Hal McRae, Mike Sweeney, Andre Thronton, Aubrey Huff, and Lee May failed to make the top-25 designated hitters of all-time. Still, if we rank every one of their first four seasons, each would beat Baines every time.
Here’s the MAPES+ DH list.
Perhaps I’ll stop talking about Baines soon.
Today we continue through our journey around the diamond listing the best ever to play the game at each position. Well, actually, we’re still at first base. A week ago, we revealed our top-20 at the position, today it’s 21-40, and in a week we’ll name the top-20 second basemen ever. All rankings are based on Eric’s CHEWS+ and my MAPES+ lists. And we won’t stop until we give you the top-40 at every position and the top-120 pitchers.
Joey Votto: Eric doesn’t address Votto because he did so last week as the 20th ranked guy on his list. For a player with six OBP titles and almost 55 WAR, Votto is criminally underrated. Unfortunately for him, he’s only hit 30 homers twice and only drive in 100 three times. On the other hand, just looking at straight WAR, he’s never had an 8-win season. But I digress. This question is about where he’ll end up. My adjusted numbers gave him 7.47 WAR a year ago. But he will be 34 this year. Imagine a graceful decline of 5, 4, 3, 2, and 1 WAR. He’d pass seven guys and move into 17th place on my list. But maybe the decline will be even less pronounced, seeing him fall to 6 WAR this year and then age gracefully. He’s now fighting George Sisler for 10th in history. I’m not saying it’ll happen, but it certainly could. —Miller
It’s an easy enough call to say that it’s David Ortiz. After all, conventional wisdom says he’s going to waltz into the Hall. But I think nearly 100% of the writers for vote for Papi will do so noting his specialness or clutchiness or Papiness or all three. Ortiz deserves the Hall based a lot more on Fame than on greatness. And if you’re thinking his playoff greatness puts him over the line, well, maybe it does, though I did contribute a meandering post about the incredible amount of value you’d need to give playoff excellence to get the Sox great over the line. —Miller
It would be easy to spotlight old timers like Harry Stovey or Jack Fournier or even Dolph Camilli here. But there’s two guys on this list where I see divergence. First, no one during his career ever thought that John Olerud was a Hall-caliber player. He got attention when he took a run at .400 early in his career. He got some kudos as the slick-scooping glue that held the Mets’ infield defense together in the Piazza era. He was also known for the piano he carried on his back when he ran the bases. But his case for the Hall is actually pretty damned good thanks to a combination of good hitting and excellent fielding. Then there’s Harm Killebrew. The 500 homers pretty much starts and ends the conversation on him, and, ipso facto, he’s a Hall of Famer. Well, he was an abysmal fielder, a bad baserunner, and hit into a lot of double plays. The entire package isn’t nearly as good as the gaudy homer figures would indicate, and if you only stop at 573, you won’t agree with us.—Eric
Nothing to see here. There’s no meaningful disagreement.
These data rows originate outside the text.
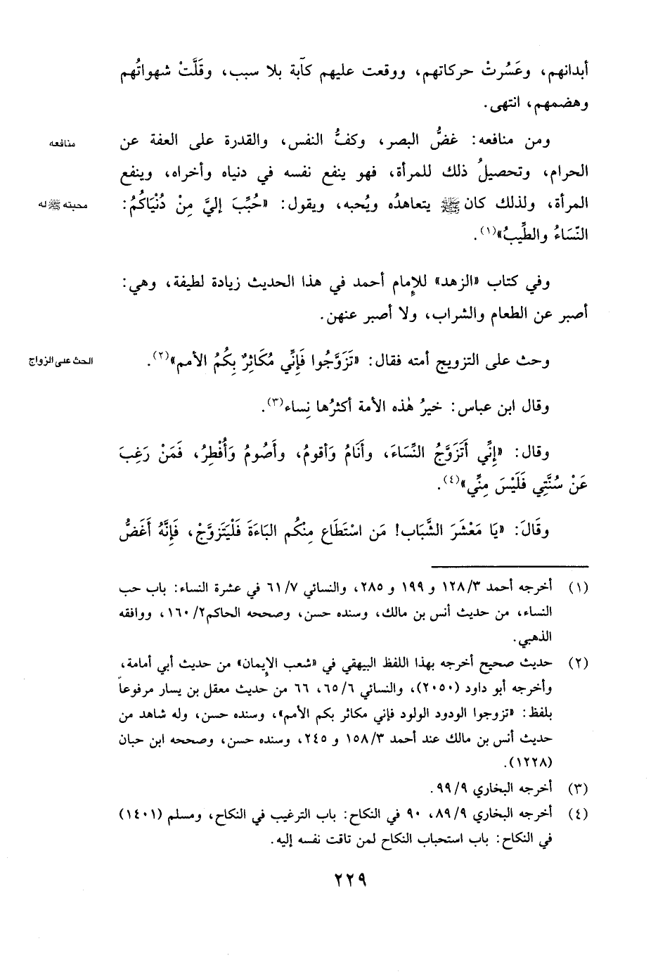 وَحَثَّ عَلَى التَّزْوِيجِ أُمَّتَهُ، فَقَالَ: ( «تَزَوَّجُوا فَإِنِّي مُكَاثِرٌ بِكُمُ الْأُمَمَ» ) .
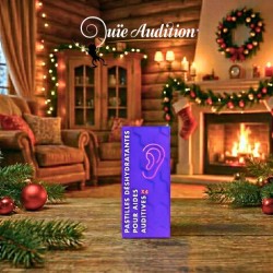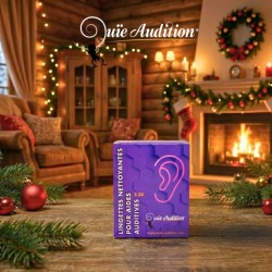 Kit d’Entretien Noël – Intra (Édition Limitée) : un coffret complet pour prendre soin de vos aides auditives intra-auriculaires. Spray nettoyant, 50 lingettes, gobelet + 4 pastilles (4 mois) et OtoFloss pour nettoyer précisément l’évent de l’intra, avec une lingette microfibre offerte.
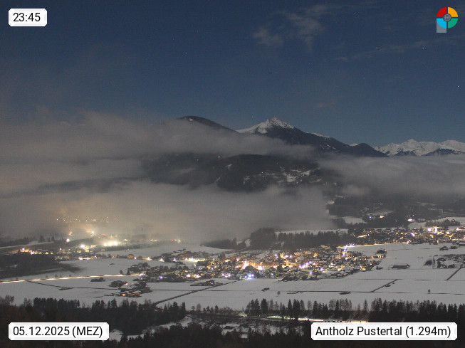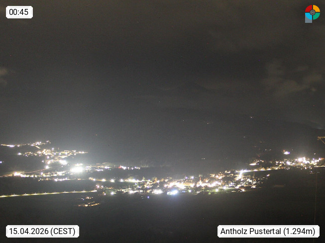 I 39030 Olang Geiselberg at Kronplatz (Valdaora) 1.090 m, is a village in the Rienzer Tal valley at the beginning of the valley Antholzer Tal (Valle di Anterselva) in the autonomous province South Tyrol (Alto Adige). Panoramic view from Hotel Hubertus in direction east to Pustertal Valley. Presented by https://www.hotel-hubertus.com/.
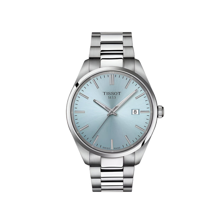 The Tissot PR 100 Quartz 40mm T150.410.11.351.00 is an elegant men's watch designed for modern men who appreciate Swiss quality. It features an F06.115 quartz movement with EOL function for precision and reliability. The silver-colored envelope and bracelet, made of durable 316L stainless steel, blend beautifully with the blue dial. Sapphire glass protects the dial from scratches, and the 100-meter water resistance makes this model ideal for both everyday wear and water activities.
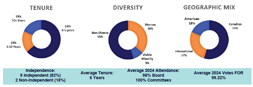 Teck is committed to maintaining best practices in corporate governance. In 2024, we undertook an externally facilitated board, committee and peer evaluation process, with a focus on Board effectiveness and enabling Teck to build the Board of the future, with a continued focus on emerging risks and strategic priorities. The Board continued succession planning activities, welcoming one new independent director in 2024, with another new independent nominee standing for election at the Meeting. Each nominee has been proposed for nomination with reference to the skills determined by the Board to be required at this time, as set out in the skills matrix.
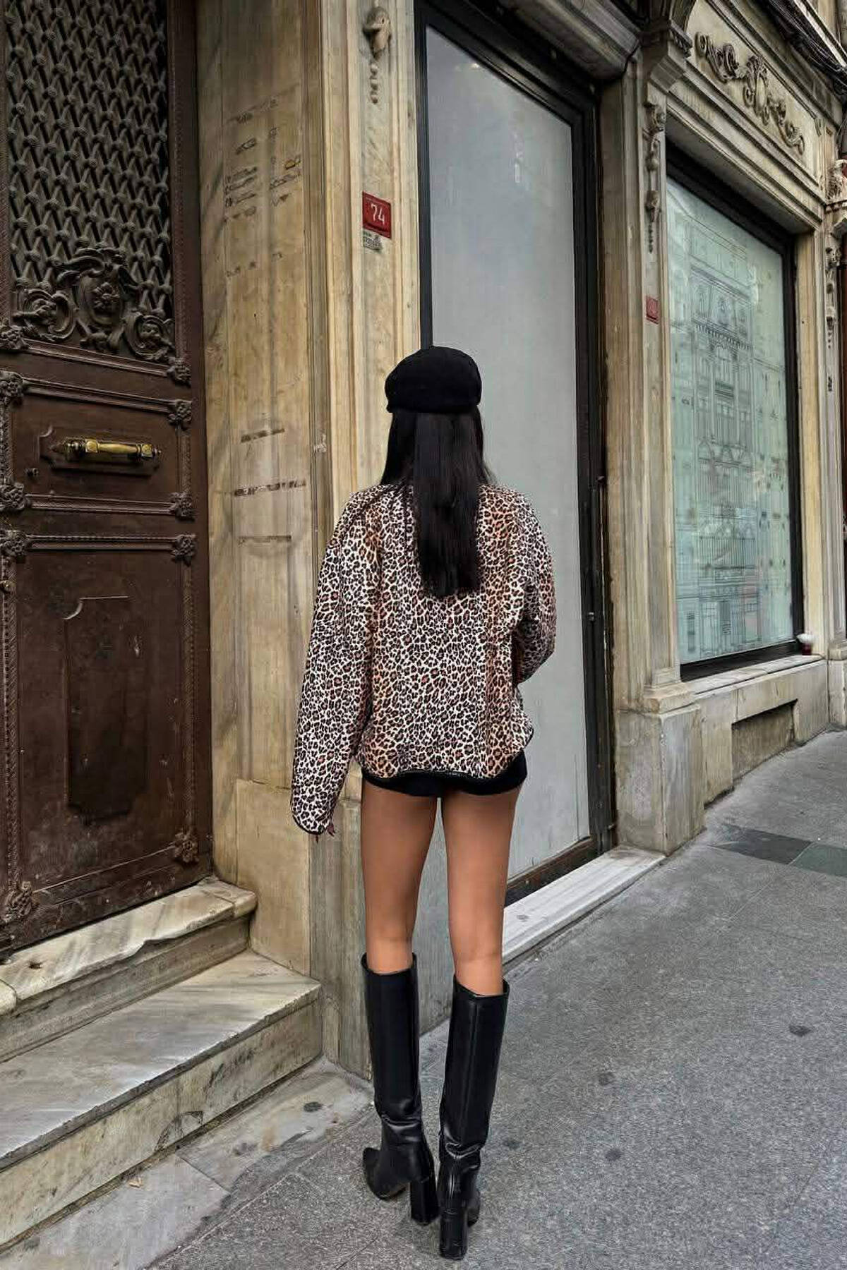SIMPLE LEO DESIGN BUTTONED WOMEN JACKET LEO/LEOPARD
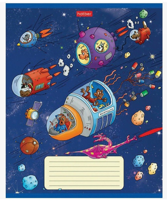 - Тетрадь 18л. HATBER клетка, обложка картон, Космическое приключение (5 видов в спайке),18Т5В1 106263
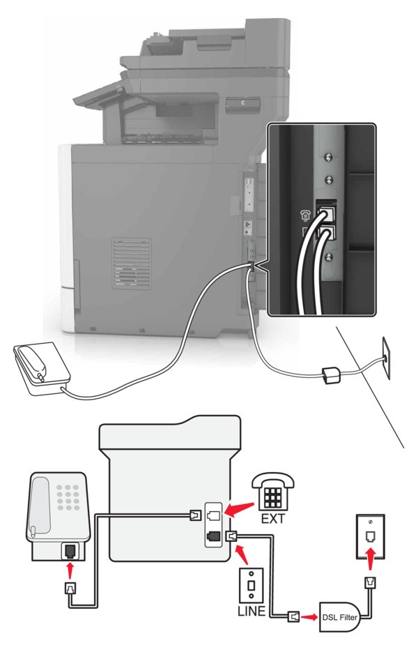 - Connect one end of the telephone cable to the line port of the printer. Connect the other end to the phone port on the DSL filter.
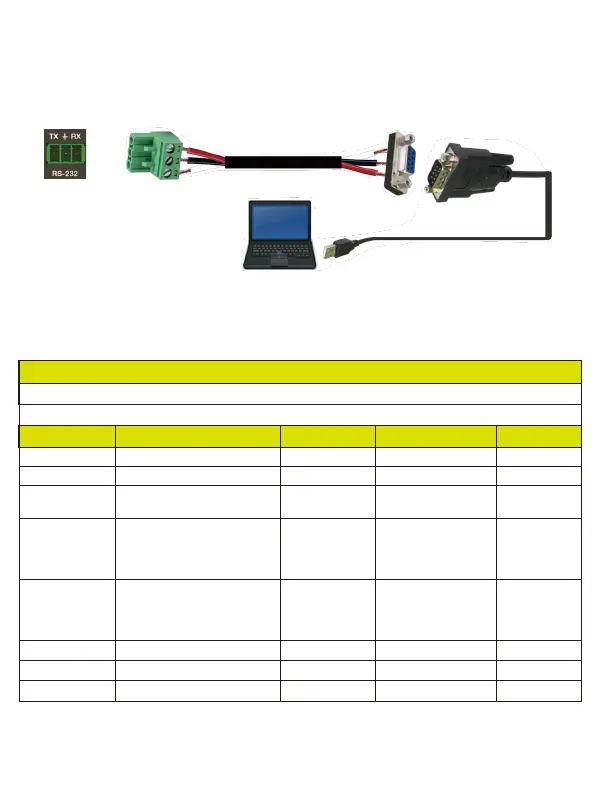 of the product to a PC with a 3-pin phoenix connector cable and an RS-232 to
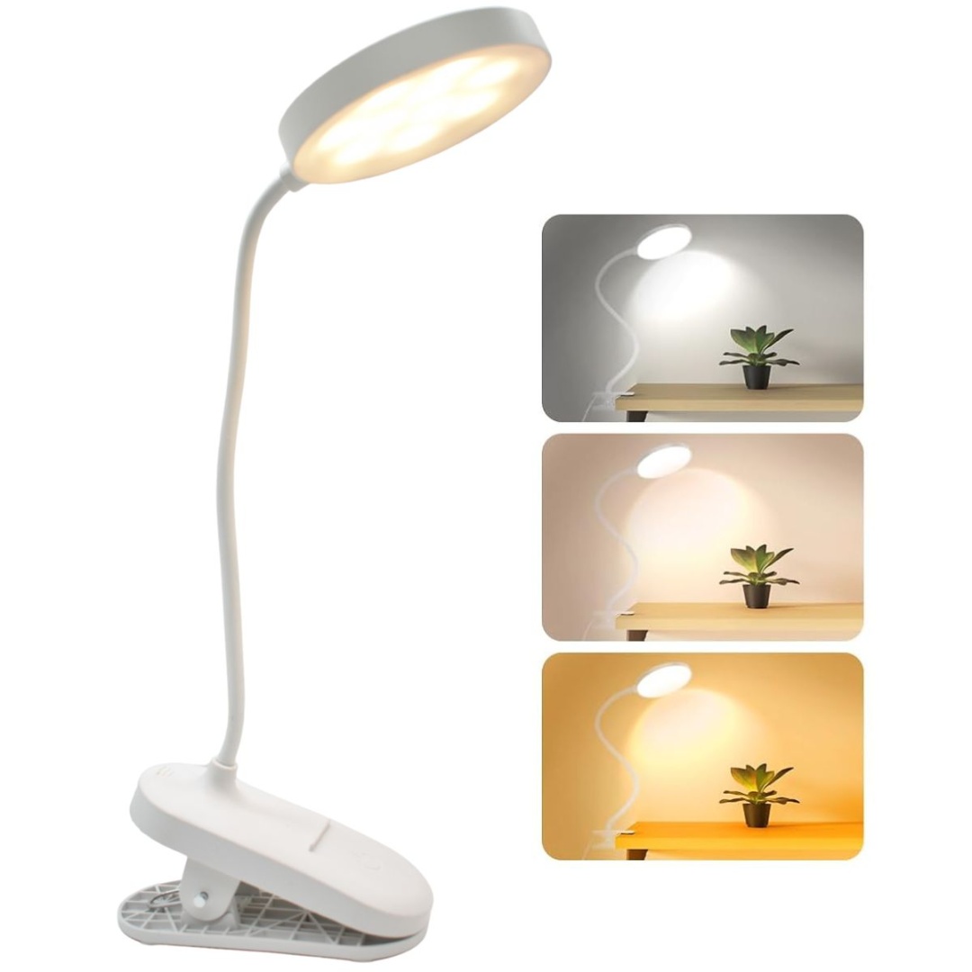 Lámpara de escritorio con clip .Altura max.: 37cm.Medidas del clip: 11x5cm.Color: blanco.Temperatura de color: 3500K-6500K.Luz fría, cálida y neutra.Incluye cable USB de carga.Manguera flexible para direccionar la luz. Material: Plástico.En caja.
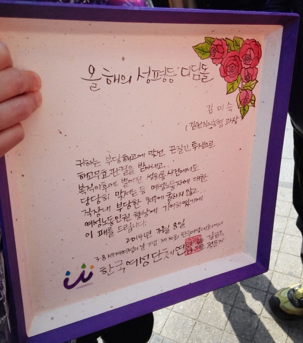 À̳¯ Àü±¹³óÇù³ëÁ¶´Â Çѱ¹¿©¼º´ëȸ¿¡ Âü¼®ÇØ ±è¹Ì¼÷µ¿ÁöÀÇ ¼ö»ó ±â
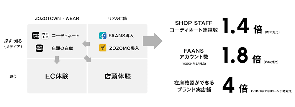 1人あたりの購買頻度向上では、「ZOZOTOWN」、ファッションECアプリ「WEAR」の進化、ショップスタッフによるコーディネート連携数の充実(前年比1.4倍)、「ZOZOTOWN」で販売展開するショップスタッフの販売サポートツール「FAANS」のアカウント数拡大(同1.8倍)、在庫確認ができるブランド実店舗(2021年11月のローンチ時比較で4倍)などを計画している。
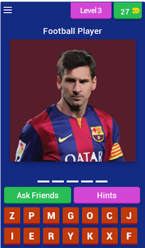 このゲームはフットボールとフットボール選手を愛する人のためのものです。 ここであなたはあなたのお気に入りのフットボール選手の名前を推測して、フットボール選手のクイズを推測することで知識を測ることができます。 フットボール選手を推測することによってあなた自身を証明する。 スタートが簡単、プレイが簡単です。
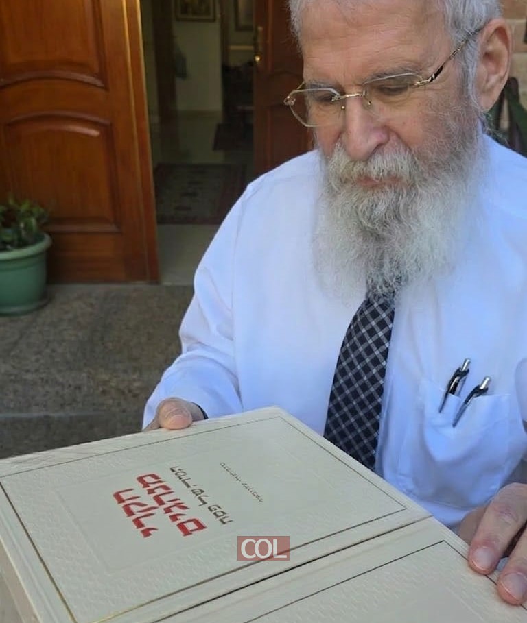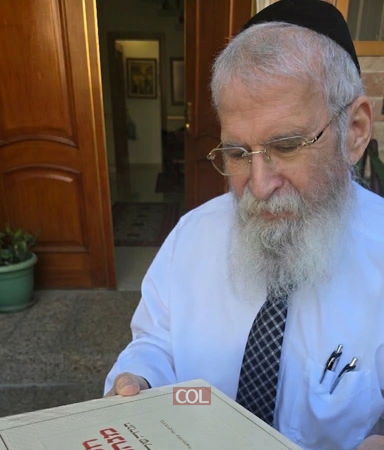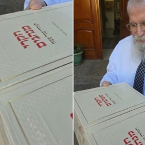 מתכונן לחג: הרב יוחנן גורארי' - רבה של חולון וחבר בית דין רבני חב"ד, מחזיק את ספרו החדש 'חקרי המנהגים' על ההגדה של פסח, שיצא לאור ממכבש הדפוס
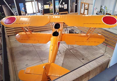 機体の色から「赤とんぼ」と呼ばれていた練習機。戦況に鑑み特攻にも出撃、機体は濃緑色に塗り換えられたという。この車輪の塗装もそうなっている。
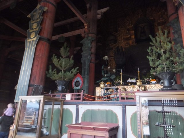 このおびんずる様、日本各地のお寺でも見かけますが、この東大寺のものはかなりの大きさ。さらに高めの台座に乗っているため、がんばってもヒザまでしか手が届きません。ヒザ下に悩みがある方専用、もしくは背が高い人向けのおびんずる様でした。
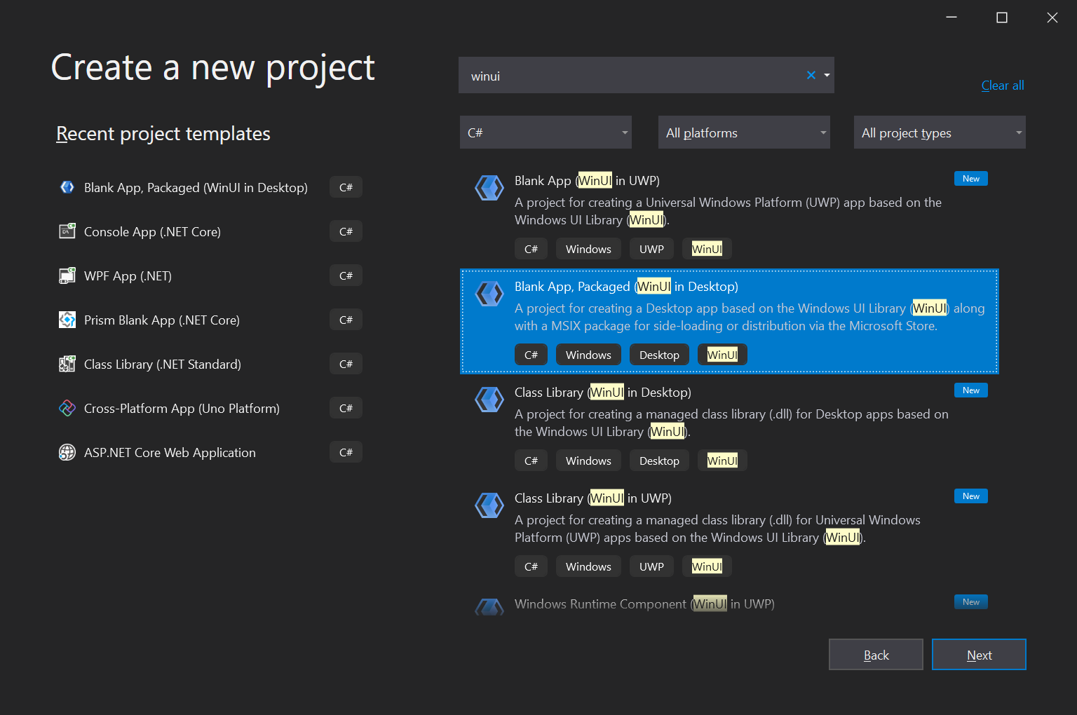템플릿이 설치된 VS Preview에서 새 WinUI Desktop 프로젝트를 만들기 만하면됩니다.
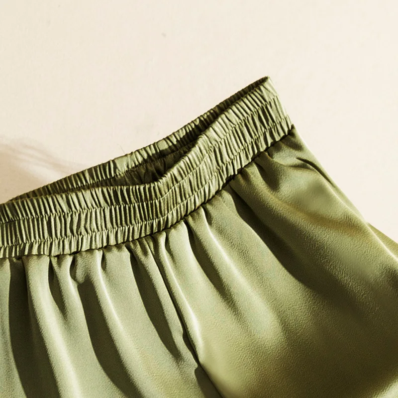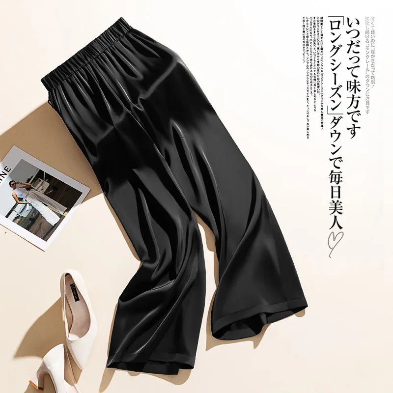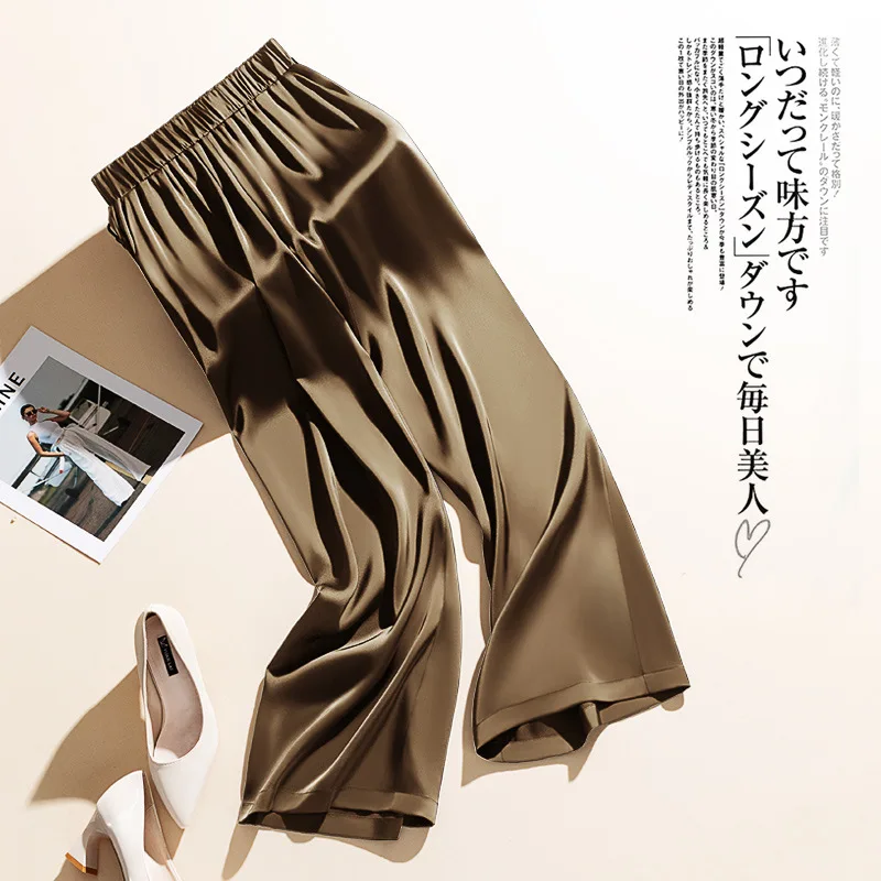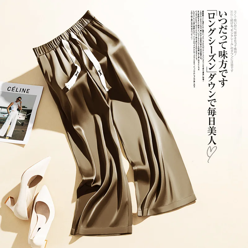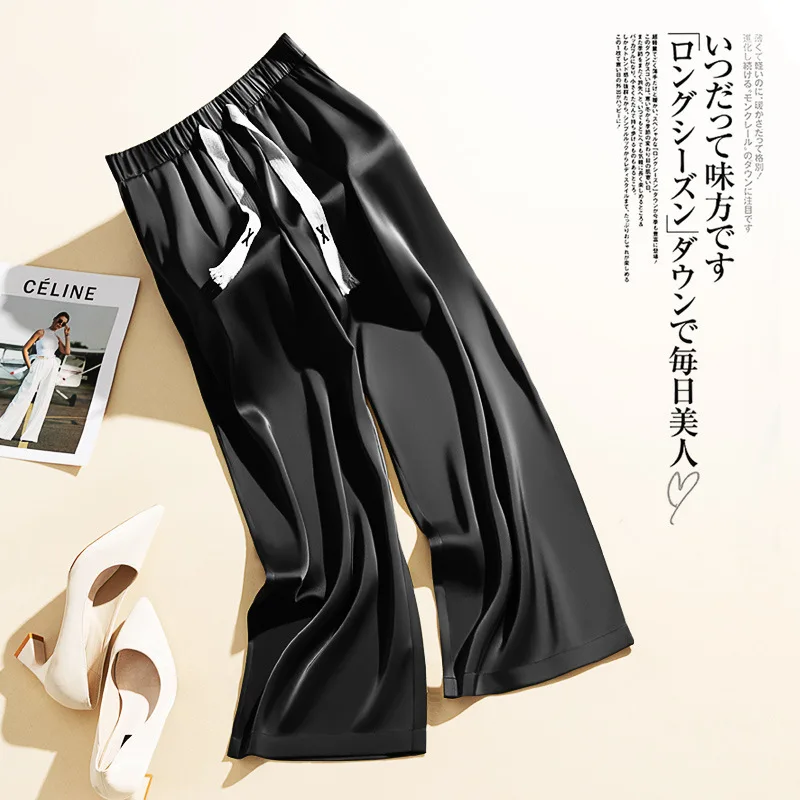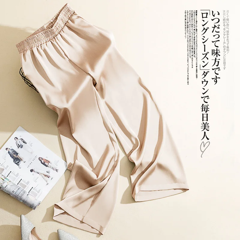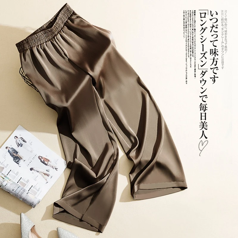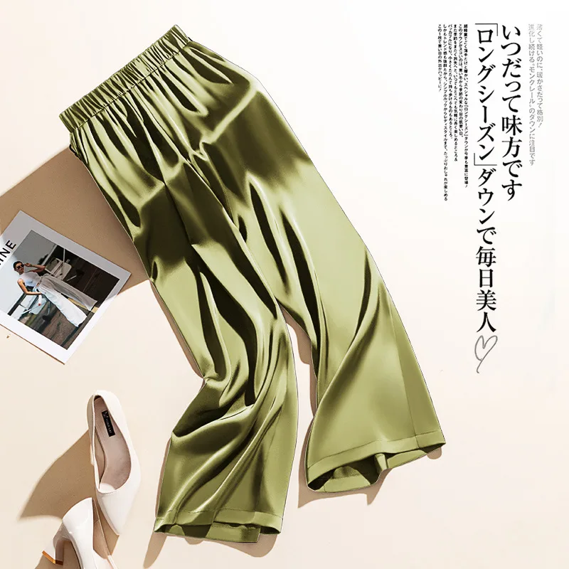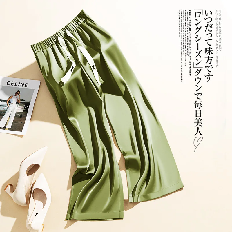 Acetate Satin Wide-leg Pants Women Summer New High-waisted Silk Straight Trousers Ladies Silky Green Korean Fashion Long Pants

In this group, not especially. So I’d like to take just a moment to talk about how a team might have underrated a player. In 1967, the Reds moved Tony Perez to third base. He’d never played an MLB inning at the hot corner, but during his minor league apprenticeship, he’d played a vast majority of his games there. Arriving in Cincy in 1964, Perez played nothing but first base for three years, and he was slightly below average (-3 runs) in 174 games. The Reds realigned their infield for ’67, moving Perez off first base, pushing incumbent Tommy Helms to second base, putting Pete Rose to pasture in left field, and putting defensively inept left fielder Deron Johnson at first base where he could do less damage (and they were right). In 1966, these players combined for -24 runs. In 1967 they combined for -10. Bob Howsam and Dave Bristol saved themselves at least a win’s worth of runs just by putting their players where their skills made the most sense. Perez was the weakest link at -9 runs in 1967, but over the next four years, he accumulated positive value at third base.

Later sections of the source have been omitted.